1. Thinking blocks are leaking into messages
2. Session IDs appearing in user-visible text
3. This happens in multi-stream scenarios (webcam + web fetch + conversation)

The root cause is likely in ClaudeInvoker.swift where we parse JSON output.
If parseJsonOutput() falls back to raw text when JSON parsing fails, it would
include everything - thinking blocks, session IDs, etc.
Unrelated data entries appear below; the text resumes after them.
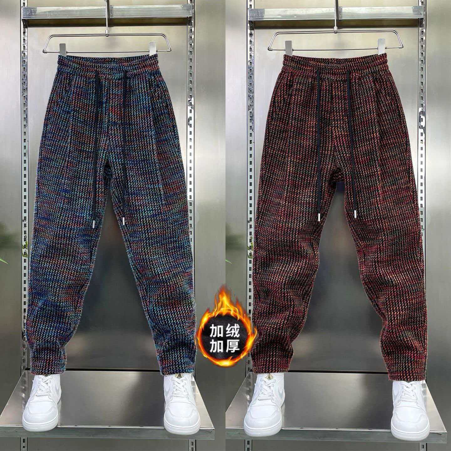 针织加绒款加厚款提花重磅面料免熨抗皱保暖防寒潮流休闲男裤
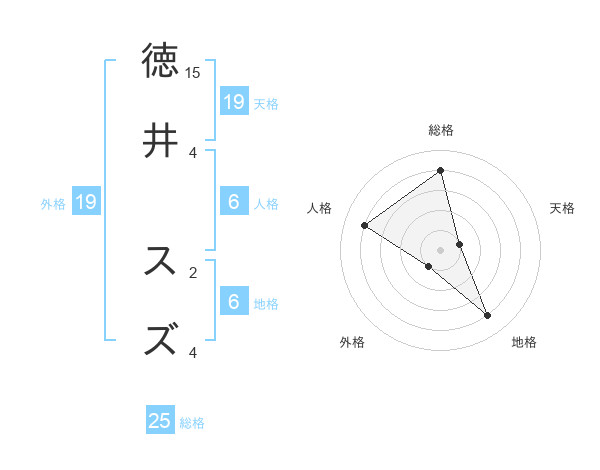 徳井 スズさんの総格は25画の4点!
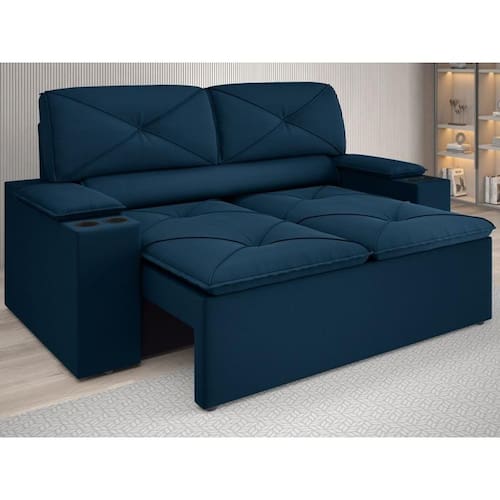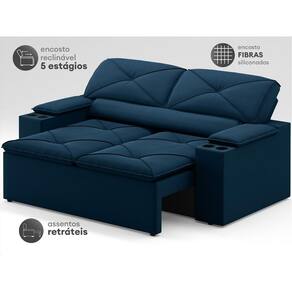Sofá com Porta Copos Retrátil e Reclinável Pop 1,54m Velosuede - NETSOFAS - Azul Petróleo

We need a three-layer defense:
- parseJsonOutput() should never fall back to raw
- sanitizeResponse() should strip known patterns
- MessageBus should coordinate all sends through single channel

[...1247 more characters]

Session file: ~/.claude/projects/.../5399ef7a-...jsonl

This gives you the exact reasoning process, not just the summary that ended up in episode logs.

Commands

Once you invoke this skill with

/archive-search <query>

, you can:

Search by query:
- ```
archive-search "your query here"
```
- Returns top 5 most relevant chunks
Filter by role:
- ```
--role thinking
```
  - Only thinking blocks (highest signal)
- ```
--role user
```
  - Only user messages
- ```
--role assistant
```
  - Only assistant text
Adjust result count:
- ```
--n 10
```
  - Get more results
Check index stats:
- ```
stats
```
  - See what's indexed
Quality check:
- ```
sample
```
  - Random sample of 3 chunks
- ```
sample --session-id abc123
```
  - Sample from specific session

Implementation Notes

For Claude instances:

When a user invokes

/archive-search <query>

, you should:

Run:

~/.claude-mind/system/bin/archive-index search "<query>"
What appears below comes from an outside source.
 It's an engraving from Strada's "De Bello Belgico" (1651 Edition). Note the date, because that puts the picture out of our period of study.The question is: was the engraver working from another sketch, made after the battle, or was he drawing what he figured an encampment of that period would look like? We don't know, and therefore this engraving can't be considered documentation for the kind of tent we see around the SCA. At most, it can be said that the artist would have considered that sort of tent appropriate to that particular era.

Parse and present results clearly
Include session IDs for reference
Explain what the user is seeing (thinking blocks vs user messages)

First-time setup:

If the archive hasn't been built yet:

# Build initial index (takes 5-10 minutes for 90 days)
~/.claude-mind/system/bin/archive-index rebuild

# Check stats
~/.claude-mind/system/bin/archive-index stats

# Test search
~/.claude-mind/system/bin/archive-index search "model fallback"

After initial build, dream cycles handle incremental sync automatically.